At the beginning of each trial, a blue and a red object appeared on the screen. Participants were required to briefly hold the colors and shapes of the objects in working memory. After a 2-second delay, a social label and a color wheel appeared along with a mouse cursor. Participants were asked to identify the shape of the object that had been presented in the color associated with the referent of the label.

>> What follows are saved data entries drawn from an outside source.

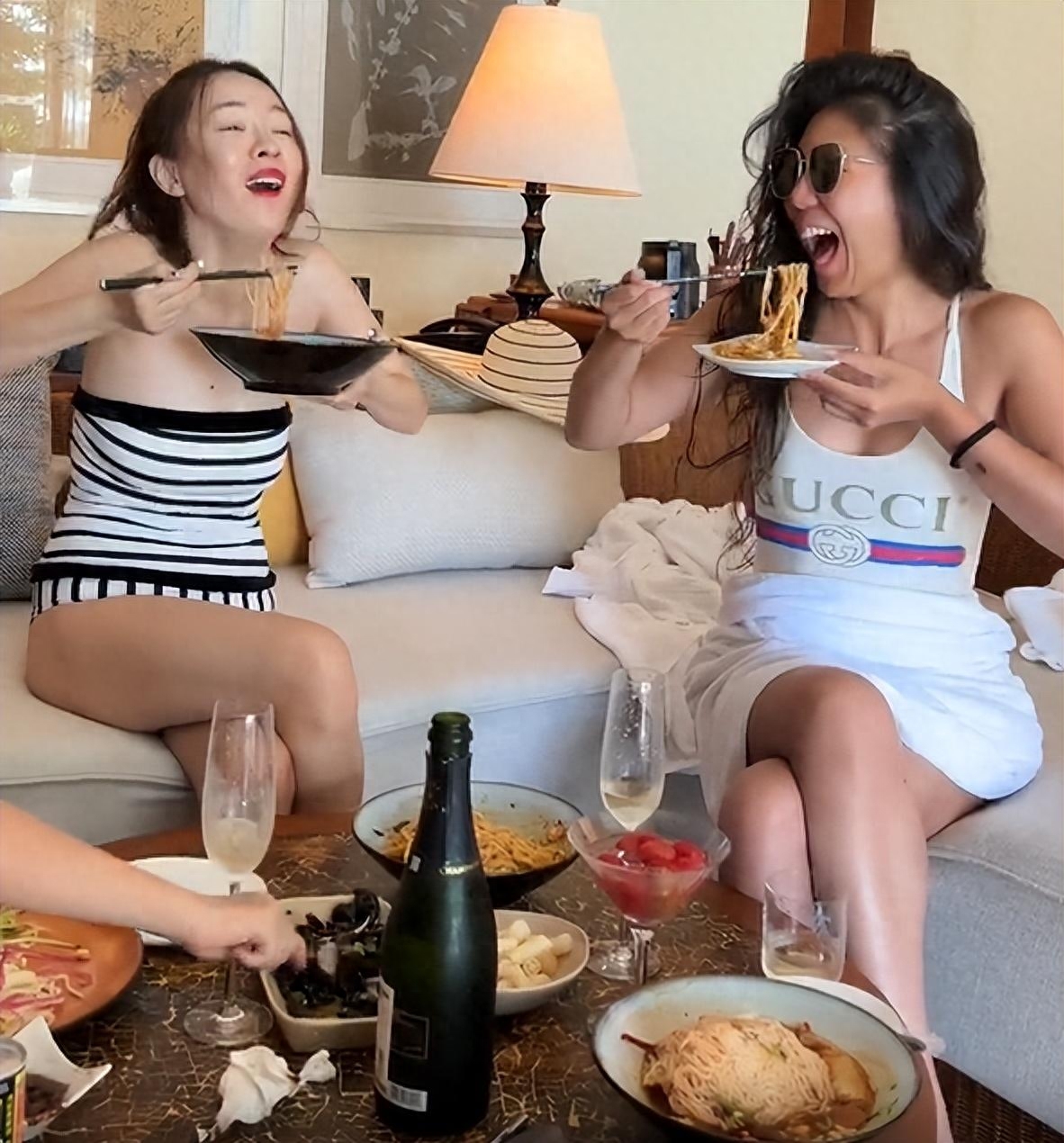 而且他们在泳池中玩得不亦乐乎,霍思燕也是放飞自我,完全不在意形象,尤其是在客厅吃面的画面,更是没有任何形象可言,很是接地气,也是展现了一个真实的她,而且可以清晰的看见她胸口处有一颗痣,很是明显,给她带来别样的美感。
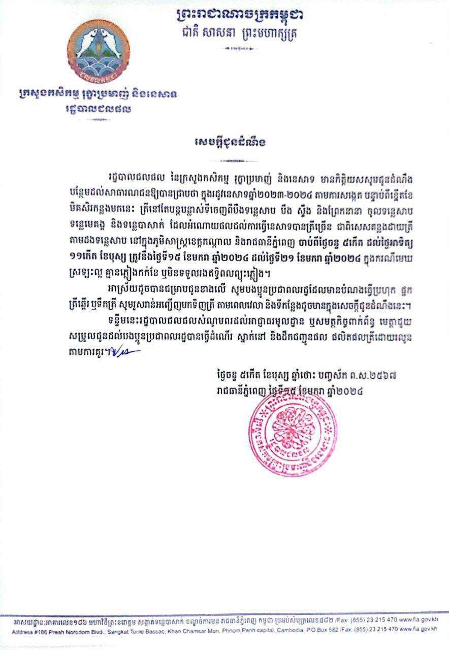 រដ្ឋបាលជលផល សូមជូនដំណឹង បន្ថែមដល់សាធារណជនឱ្យបានជ្រាបថា ក្នុងរដូវនេសាទឆ្នាំ២០២៣-២០២៤ តាមការសង្កេត បន្ទាប់ពីខ្នើតខែ មិគសិរកន្លងមកនេះ ត្រីនៅតែបន្តបន្លាស់ទីចេញពីបឹងទន្លេសាប បឹង ស្ទឹង និងព្រែកនានា ចូលទន្លេសាប ទន្លេមេគង្គ និងទន្លេបាសាក់ ដែលអំណោយផលដល់ការធ្វើនេសាទបានត្រីច្រើន ជាពិសេសគន្លងដោយត្រី តាមដងទន្លេសាប នៅក្នុងភូមិសាស្ត្រខេត្តកណ្តាល និងរាជធានីភ្នំពេញ ចាប់ពីថ្ងៃចន្ទ ៥កើត ដល់ថ្ងៃអាទិត្យ ១១កើត ខែបុស្ស ត្រូវនឹងថ្ងៃទី១៥ ខែមករា ឆ្នាំ២០២៤ ដល់ថ្ងៃទី២១ ខែមករា ឆ្នាំ២០២៤ ក្នុងករណីមេឃ ស្រឡះល្អ គ្មានភ្លៀងកក់ខែ ឬមិនទទួលរងឥទ្ធិពលព្យុះភ្លៀង។
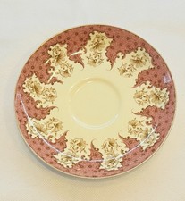 The Antique Royal Worcester England tea cup saucers set of 3 features a beautiful red floral pattern with gold trim on high-quality porcelain. The set includes two-piece saucers, perfect for serving tea in style for any occasion. The vintage design, painted by hand, adds a touch of elegance to your tea-drinking experience. Made by the prestigious brand Royal Worcester, this set is a collector's item for those who appreciate fine dinnerware and serveware. Please hand wash only to preserve the original charm of this classic and timeless set.

We measured the memory error (in a whole number from -179° to 180°) by calculating the angular deviation of a response from the ‘target’ shape cued by a label in each trial. As in Yin & Chen (2024), WM precision is then calculated separately for each participant and condition as the reciprocal of the standard deviation of memory errors across trials. The estimation of WM precision is based on the formula described in prior works (Bays et al., 2009).
tst <- read.csv("data/datSPE8VCS2TST.csv") %>%
mutate(SN = factor(SN),
Label = factor(Label,
levels = c("Self", "Friend"),
labels = c("Self", "Friend"))) %>%
mutate(ErrorRad = deg2rad(Error))
str(tst)
## 'data.frame': 10368 obs. of 18 variables:
## $ SN : Factor w/ 72 levels "1","2","3","4",..: 1 1 1 1 1 1 1 1 1 1 ...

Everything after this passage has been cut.